Одна на краю света - Галкина Марина. Страница 38

Поднимаюсь и удивляюсь, что в этом ущелье все еще нет снега, хотя, судя по высоте, ему уже пора появиться.

На пороге желанной реки. Пошатнувшиеся надежды

Меня ждет самый высокий перевал на моем маршруте — 1300 метров. С утра снова холод щупает плечо — ночью тент в очередной раз завалило снегом. Штопаю разодранные бахилы прямо на ботинках, в дело идут куски ПВХ-ткани для заплат «шкуры», имеющиеся в ремнаборе. Вылезаю наружу во всеоружии. Зарядами сыпет снег, скрывая от меня видимость. Вчера не дошла до снега, а теперь он сам ко мне пожаловал навстречу. Бурым пятном прыжками пронесся впереди заяц — спасибо, хоть он еще не побелел.

Два крутых осыпных склона по бокам от меня, начинаясь от снежного неба, сужаются, скатываются прямо до русла ручейка. Ориентироваться не нужно, путь однозначен. Как по ступенькам, поднимаюсь по крупным камням русла. Обледенелые камни, закраины льда, тонкий хрупкий ледок с белыми пузырями воздуха в чашах между ступенями-перепадами высот, но глубокого снега пока нет. Базальтовые черные слоистые выходы скал, точно ворота, перегораживают проход — облезаю их, оставляя на заиндевелых холодных гранях оттаявшие отпечатки ладошек.

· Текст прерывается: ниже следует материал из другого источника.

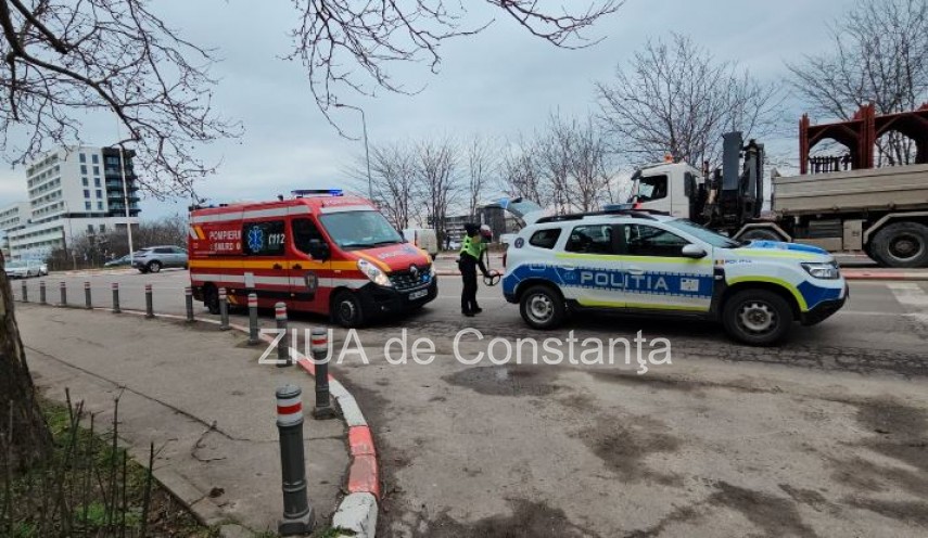 FOTO-VIDEO. Accident rutier în zona Campus din Constanța. Un tânăr a fost rănit. Traficul din direcția VIVO,
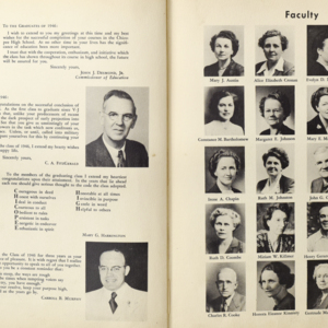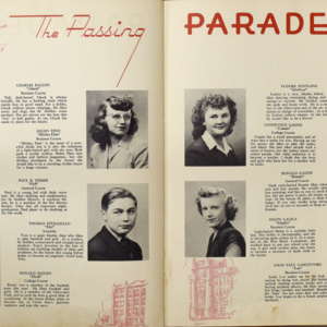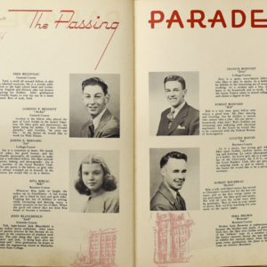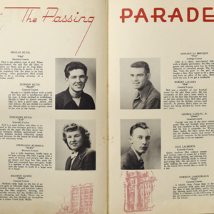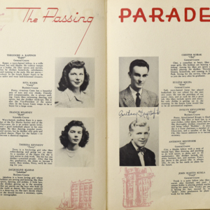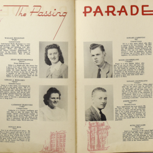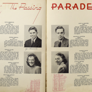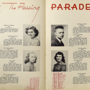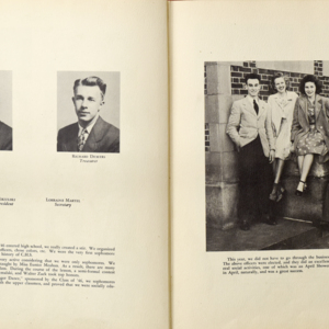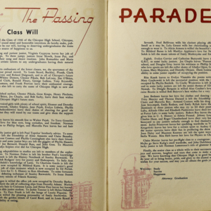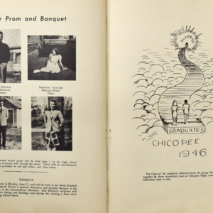 Yearbook for the class of 1946 of the Chicopee High School. Includes class photographs; individual senior portraits; clubs; sports; faculty; class will; casual photographs of students; dedications and sponser ads.
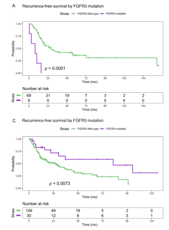 在TCGA队列中,接受辅助化疗的患者(n=74),FGFR3突变型患者的RFS也较短(下图A)。相反,在未接受围术期化疗的患者(n=179),FGFR3突变型患者与较长的RFS(下图C)和OS相关。
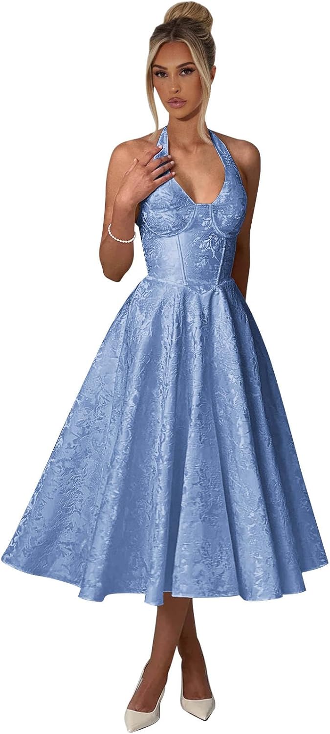 | Occasion Type | Corset Satin Ball Gowns, Embroidery Floral Wedding Guest Dress, Jacquard Satin Prom Dresses for Women, Sweet 16 Birthday Party Photo Shoot, Tea Length A-line Formal Dresses |

Ветер выдул у меня из-под оттяжек рюкзака маленькую пенку-сидушку. Замечаю это на очередном привале — отныне, чтобы поднять рюкзак, придется садится прямо на снег или на мокрые холодные камни. Жалко, теперь каждая вещь из снаряжения становится мне очень дорогой, но спускаться вниз и искать пену в снежной круговерти совсем не хочется. Обидно, что теперь на сплаве не положишь ее на дно каяка, поверх металлической дуги шпангоута, не отгородишь ноги от холода металла и воды.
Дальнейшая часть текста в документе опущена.